Because we didn't opt for a multi-GPU ready motherboard, and still wanted a fair amount of tech, we chose a B series motherboard. MSI is a very good manufacturer of motherboards, and has priced this motherboard at a very attractive level.
System Change: If you want to add more video cards for SLI or CrossFire, add more M2 SSDs, have a more stable overclocking platform, or something else, that would require a new motherboard. Most other things probably won't. Please ask us if you have a question about a potential system upgrade being compatible with your motherboard.
We went with 8GB of Ripjaws V memory due to the extremely high quality of the internal chips, and low-lying heat sink. If you ended up upgrading the CPU cooler to one with a wider fin array, the low-lying design of the Ripjaws V prevents any future physical tolerance issues. The high frequency of the memory will allow the Ryzen 3 1300X to run near peak potential. 8GB of memory is a minimum for gaming computers, and we highly recommend upgrading to 16GB.

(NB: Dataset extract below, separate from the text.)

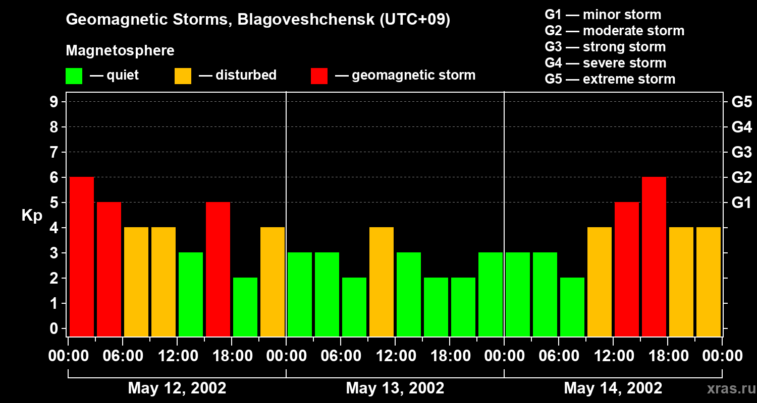 Geomagnetic storms in Blagoveshchensk on May 14, 2002

System Change: If you come across a need for more memory, you can easily add in more sticks, with no need to change the system otherwise. The motherboard selected supports a maximum of 64GB of memory, in a 4x16GB array.
The HDD was chosen for its low cost and high reliability. We've also installed quite a few of this drive model, and feel very confident in our choice.
System Change: If you come across a need for more storage, you can easily upgrade to a bigger SSD or HDD, with no need to change the system otherwise. If you want to add more drives, you may need to change the case.
The video card was chosen for its high performance in most games at 1080p in medium/high quality, and low price point. While a GTX 1060 is significantly more powerful, it also costs twice as much. The added benefit of a GTX 1050Ti is that it does not require ATX power, as it draws all of its power from the PCI bus. This makes for a very clean build, and allows the 1050Ti to be used in very tight spaces from time to time.
System Change: If you come across a need for more graphical horsepower, you can easily upgrade to a GTX 1060 or 1070, with no need to change the system otherwise. If you want to run two video cards as one, you will need to upgrade the motherboard and power supply. You may also need to upgrade the case and fans as well.
Note: SLI is not supported by the GTX 1050Ti or GTX 1060. The only GTX 10XX series cards that support SLI are the 1070, 1080, 1080Ti, and Titan Xp.
The case was chosen for its competitive build quality, low price point, small size, and low weight.
System Change: Reasons for changing the case can be very hard to pin point. If you have a question about the compatibility of the case selected with an upgrade, please contact us.
The power supply was chosen for its high build quality, low price point, small size, and low weight. The power supply is a bit overpowered for a 1050Ti rig, though the current wattage can sustain up to a GTX 1070. Upgrading the wattage will potentially make the fan run slower, creating less noise overall. A higher wattage PSU than necessary will also prolong the life of the unit, as it isn't being operated near peak load.
System Change: If you decide to upgrade any single major draw of power, you do not need to change the power supply. If you change multiple draws of power, you may need to upgrade the wattage on the power supply.